I just got out of high school for summer break and I don’t want to waste my summer. The thing is when I’m in school I’m forced to study and do homework so I am productive, but now that it is the summer, I will play video games (such as Fortnite… Lol) all day every day with myself and friends. I want to spend my summer doing some studying to prepare for the next year and to retain information and maybe learn some other new things. The problem is now that I’m not in school, so I’m not forced by anything to stop gaming to study, if I try to study I end up going for like 30 minutes and then the rest of the day is devoted to video games, I hate procrastination yet I am losing the battle against it. Also, if I’m not on my PC playing games, I’m either on my phone watching YouTube or browsing the web and social media. Is there any solution to this problem or any tips/advice that would help make it less severe??? I don’t wanna play video games all day every day but I’m too addicted!!!
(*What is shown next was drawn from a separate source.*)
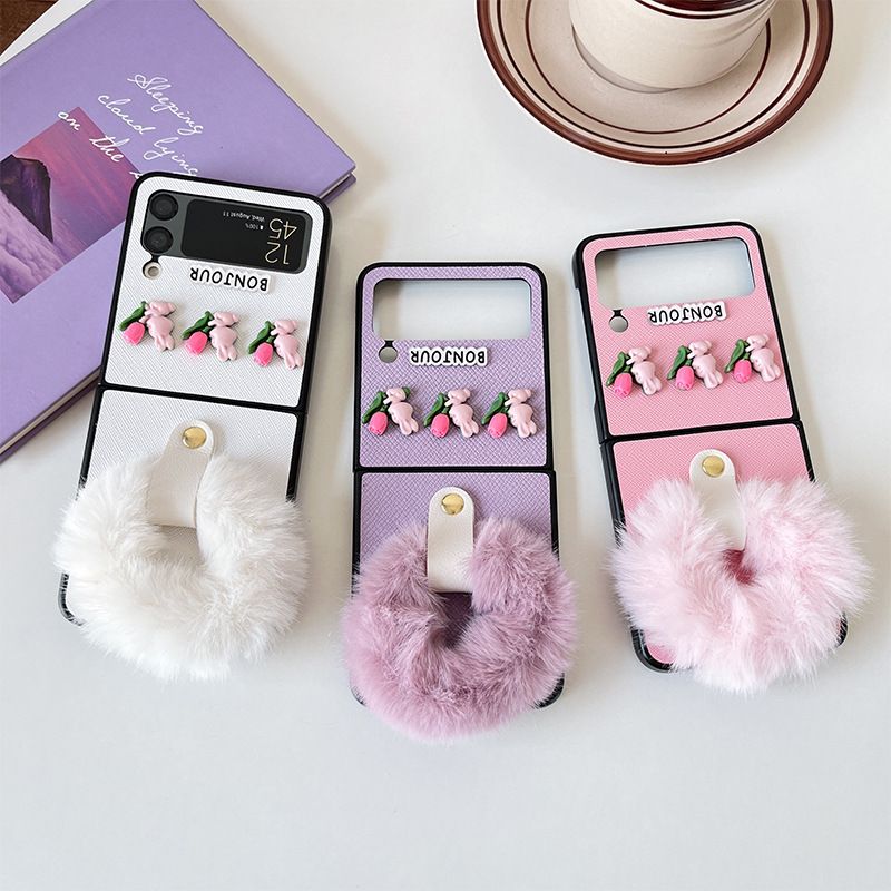 TechGlobe Compatible With Samsung Z 60% Off Foldable Flip Cover Plush Handheld Tulip Leather New Women's Protective Case

@symmbowL It’s really easy just to slide into doing what’s mindlessly fun when you don’t have any external pressure to produce work or make grades. What helps is to create your own goals and to do lists. A goal has to be measurable, concrete and achievable. So a goal might be to achieve competancy in a new programming language by September - or improve your 1 mile time running. Figure out reasonable goals then set up “to do” lists that will get you there. You don’t need to organize it like school homework or deadlines but put some kind of structure in place to show progress towards the goal with smaller achievements - buy a programming book, find a self-training site, master a chapter a week. Then tell yourself you “have to” check off x number of tasks a day or week. In essence you are setting up your own structure and you play a mind-game with yourself to keep checking off those self-assigned tasks. You set the goals and the pace!
Get a job. I’m not sure how old you are, but there are places who will hire 15 year olds, including McDonalds.